Чтение онлайн

на главную

Жанры

Община Святого Георгия
Шрифт:

Авдей с ветерком доставил Александра Николаевича к парадной аллее университетской клиники. Белозерский выскочил из пролётки, и лишь пробежав несколько шагов, сообразил, что забыл рассчитаться. Хлопнув себя по лбу, он немедленно развернулся и, смеясь, подлетел к Авдею, на ходу доставая портмоне.

– Ты чего ж не окликнул?! – добродушно поинтересовался он, протягивая ассигнацию.

– Сдачи не наберу! – глухо пророкотал Авдей, теребя денежный билет.

– Оставь! – отмахнулся Саша и понёсся на всех парах в клинику.

– Оно, конечно, – продолжал не тише и не громче, а ровно так, как всегда, Авдей, запрятывая билет за пазуху. – Легко швыряться, когда не сам заработал. Когда сам – цену деньгам знаешь!

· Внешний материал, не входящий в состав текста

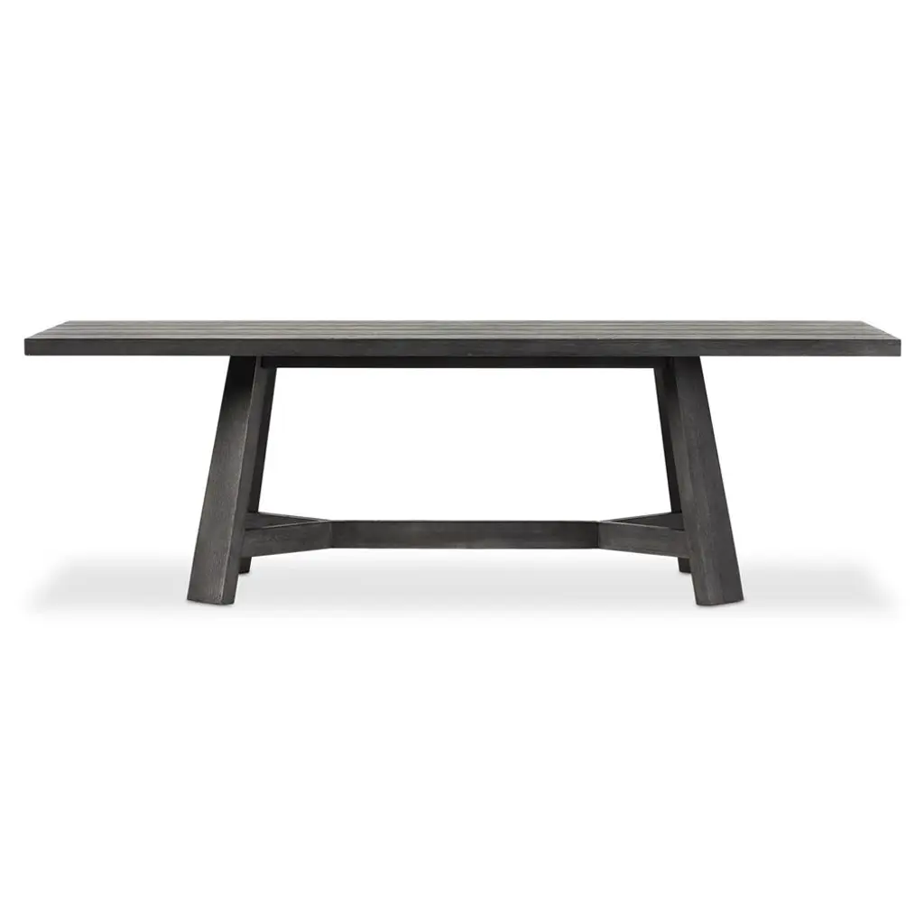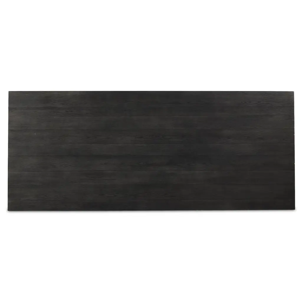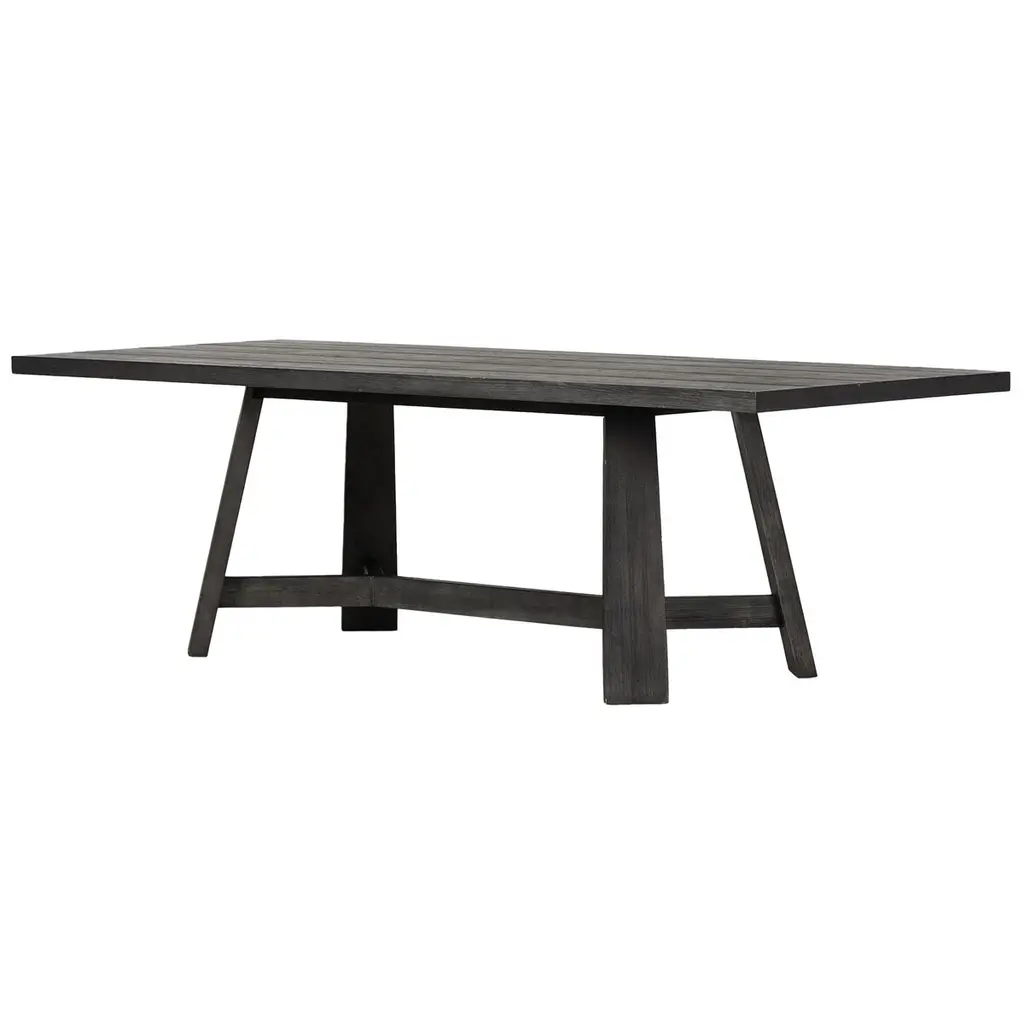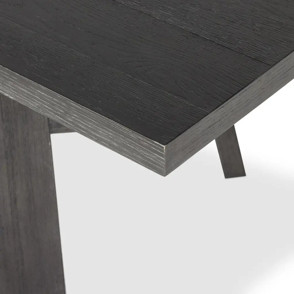 A design collaboration by Amber Lewis and Four Hands. Tapered angular legs connected by stretchers support a spacious, welcoming dining table of solid parawood and black-finished oak.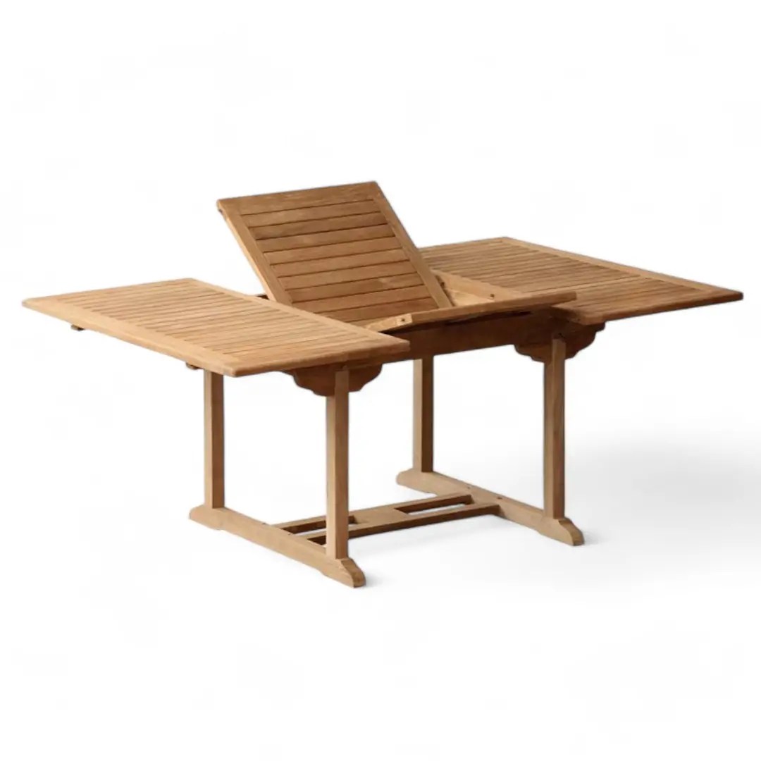 Extendable teak wood dining table with double drop leaves. Seats up to 6 people. Durable and weather-resistant. Ideal for indoor and outdoor use.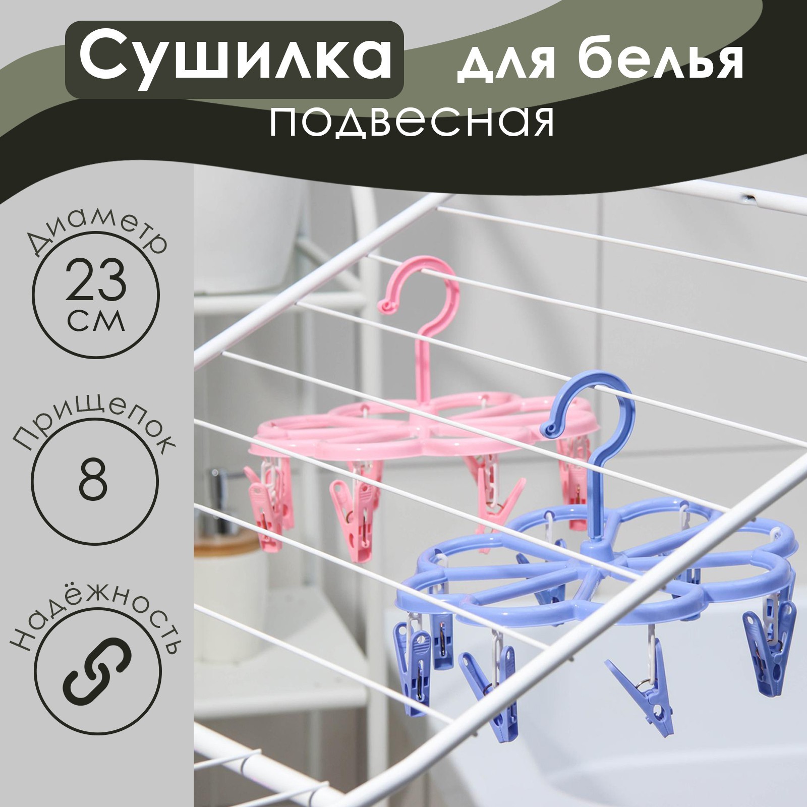 Сушилка для белья подвесная доляна, 23x23 см, 8 прищепок, цвет микс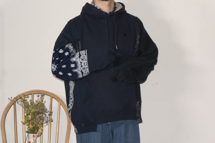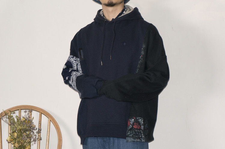 East oklm, The hand remake garments로 navy 색상의 챔피온 후드를 중심으로 양옆을 스웻셔츠와 함께 믹스한 상품. 중앙의 후디는 챔피온 로고의 자수를 볼 수 있으며, 양옆은 블랙색상과 네이비 색상의 스웻셔츠를 이용하여 만들어져 전체적으로 톤이 비슷하게 맞추어 졌습니다.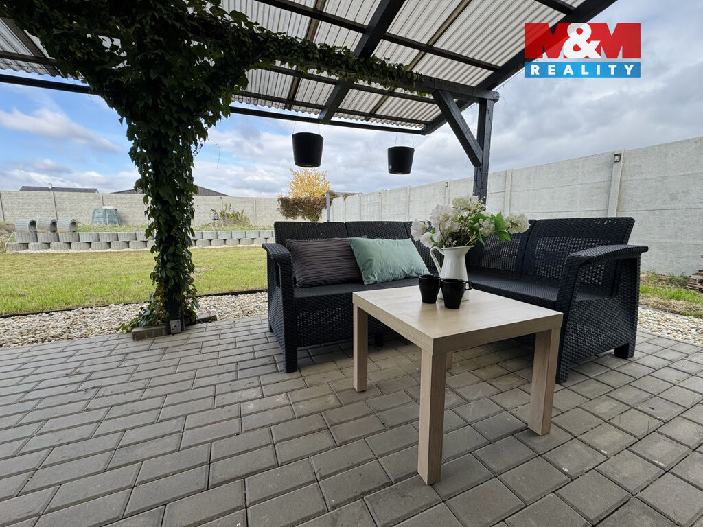 Velká zahrada nabízí dostatek prostoru a maximum soukromí. K relaxaci Vám skvěle poslouží terasa s dřevěnou pergolou a posezením.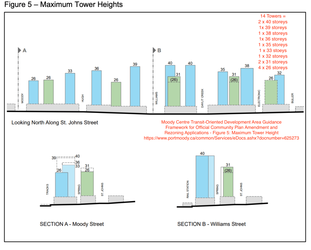 The report refers to the Moody Centre TOD Framework and states “a vision for 14 towers up to 40 storeys”. It’s been said that saying we don’t have any applications for 40 storeys when we have an application for two 39-storey towers is splitting hairs. If that’s splitting hairs, then the statement above is a gross exaggeration verging on irresponsible and clearly designed to provoke an emotional response. Figure 5 from the Moody Centre Transit-Oriented Development Area Guidance Framework shows otherwise. You can find the entire document here - please read it! It contemplates park space, child care spaces, employment and many other facets of development. It is meant to guide landowners in their applications.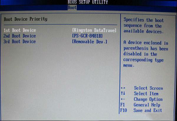 启动优先级设备选择(Boot Device Priority)在第一启动设备(1st Boot Device)里选择U盘。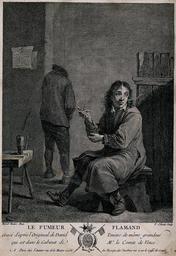 | Keywords: A man sits on a stool smoking a pipe, behind a man relieves Wellcome V0019039.jpg Artwork Creator Pierre Chenu A man sits on a stool smoking a pipe behind a man relieves himself against the wall Engraving by P Chenu c 1750 after D Teniers <p>Iconographic Collections<br> Keywords David Teniers; Pierre Chenu Library reference ICV No 19432 Photo number V0019039 Full Bibliographic Record http //catalogue wellcomelibrary org/record b1182568 object history exhibition history credit line Wellcome Images http //wellcomeimages org/indexplus/obf_images/e2/4b/5dbaee3ee7c7fe2aa7e4563df479 jpg Gallery http //wellcomeimages org/indexplus/image/V0019039 html accession number PD-old-auto-1923 1795 Images uploaded by Fæ Wellcome V0019039 jpg Files from Wellcome Images check needed V0019039 jpg Works after David Teniers the Younger Pierre Chenu Smoking men in art Human male urination in art Taverns in art |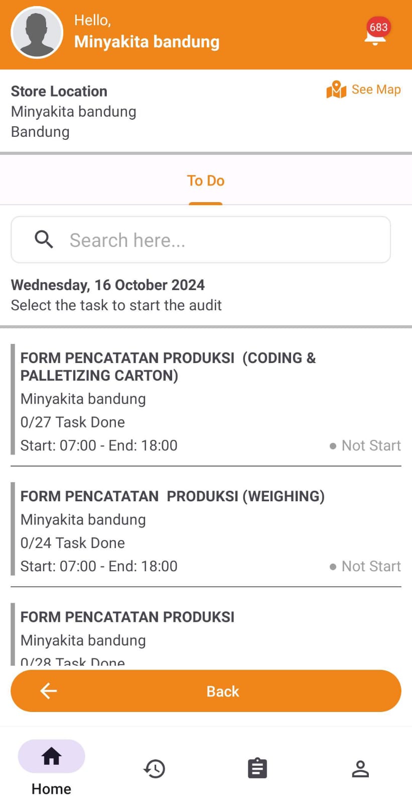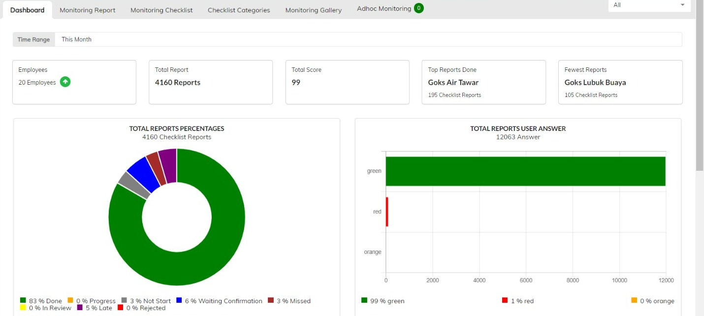 The backoffice dashboard offers a centralized view of all tasks, user reports, and submitted media, allowing supervisors to track progress, manage tasks, and resolve issues efficiently with custom filters and detailed analytics.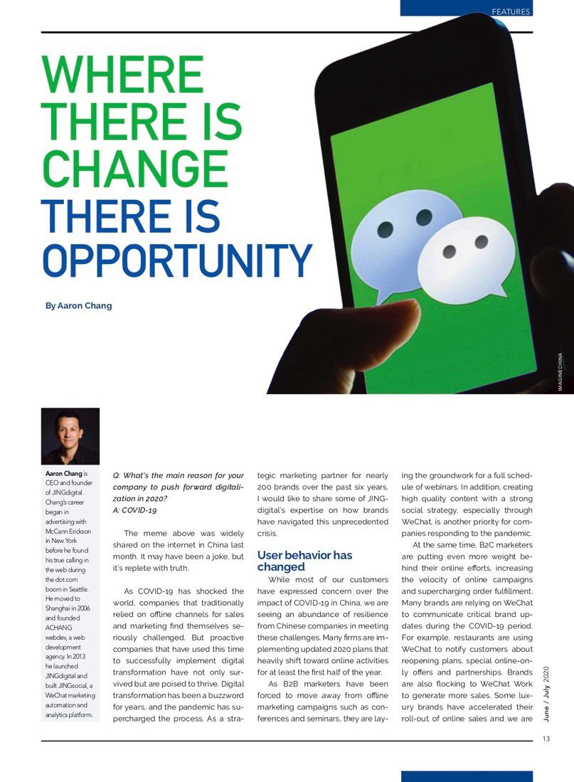 企业数字化转型的呼声不绝于耳,2020年的新形势再次将转型进程提速。6年间,JINGdigital团队作为营销自动化领域的专业技术服务商,为近200家品牌提供了服务。近日,JINGdigital CEO Aaron Chang 接受了美商会专访,并就特殊时期内品牌的数字化转型提出了实用策略,分享了JINGdigital客户在数字化转型浪潮中如何应用营销自动化工具度过此次危机。
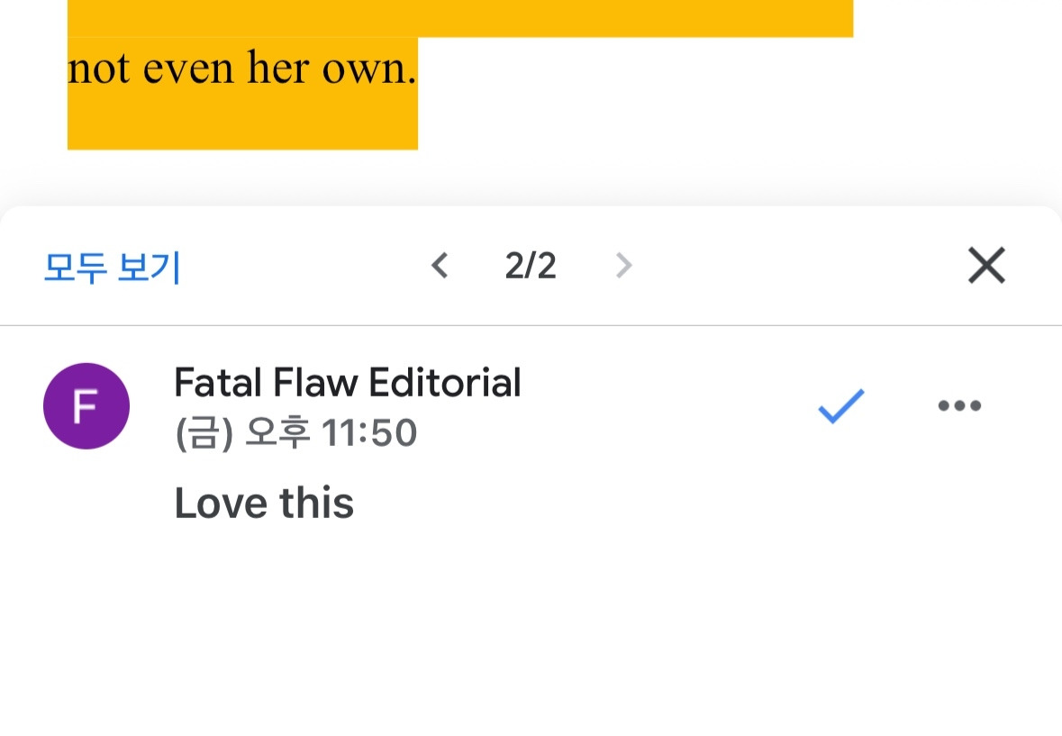 그들은 마지막 단락에 하이라이트를 쳐 두었는데, 마치 그 문장의 맥박 위에 엄지손가락을 대고 꾹 누르는 것 같았다.

Авдей ласково тронул лошадку. И животина

мягко пошла, довольно фыркнув, будто перекинувшись с хозяином не то шуткой, не то парой слов. В отличие от людей, к которым Авдей не испытывал ничего, лошадей и прочих тварей он любил. Любил настолько трепетно, что открой он кому свою любовь – удивление было бы не меньшим, нежели узнать, что мостовая лиственничная опора по утрам крошит булку голубям. Собственно, так же, как к неразумным созданиям божиим, Авдей относился к девицам из заведения. Он жалел их со всем трагическим надрывом простого доброго русского мужика, которому рвёт душу уестествление скота человеками. Авдей был немолод. Ещё совсем мальчишкой он принимал участие в Урыс-Адыгэ зауэ, затяжной русско-черкесской войне, перед самым её окончанием. И как-то стал свидетелем непотребства. Черкес, его ровесник, делал то, что полагается мужу делать с женой, с ничего не понимающей, отчаянно блеющей овцой. И хотя родился и вырос Авдей в Таврической губернии, славной, в том числе, и овцеводством, и знал, что овца предназначена для человека, но проткнул он казачьей пикой именно человека. А затем проткнул и овцу. И закопал невинное существо, обливаясь слезами и бормоча молитву. Почему-то не мог оставить так. Предавал земле яростно, будто сражался с твердью за то, что такое бывает. И даже крест соорудил. Овце. С тех пор никогда и не плакал. И до того не плакал, разве совсем маленьким, он не помнил. Несмышлёныши все плачут, пока не забывают что-то надмирное, подрастая.

Все девицы заведения вызывали в Авдее такой же мучительный надрыв. И будь его воля, он бы всех их проткнул пикой и предал земле, чтобы не мучились. А всех чистеньких господ, что их пользуют, оставил бы валяться падалью, как он оставил черкеса, в назидание и стервятникам на прокорм. Но не кружили над Петербургом стервятники, господа были своей веры, а овцы-девицы не блеяли, а хохотали, издавали непристойные звуки и в целом вели себя самым скотским образом: по-человечески. Но душу Авдея осознание и принятие этого не латало, так и жил он – ранами наружу. Только боли его никто не замечал. Кроме лошадей, собак, котов да всяких птах, что любят поклевать, в особенности по холодку, согревающий и питающий конский навоз.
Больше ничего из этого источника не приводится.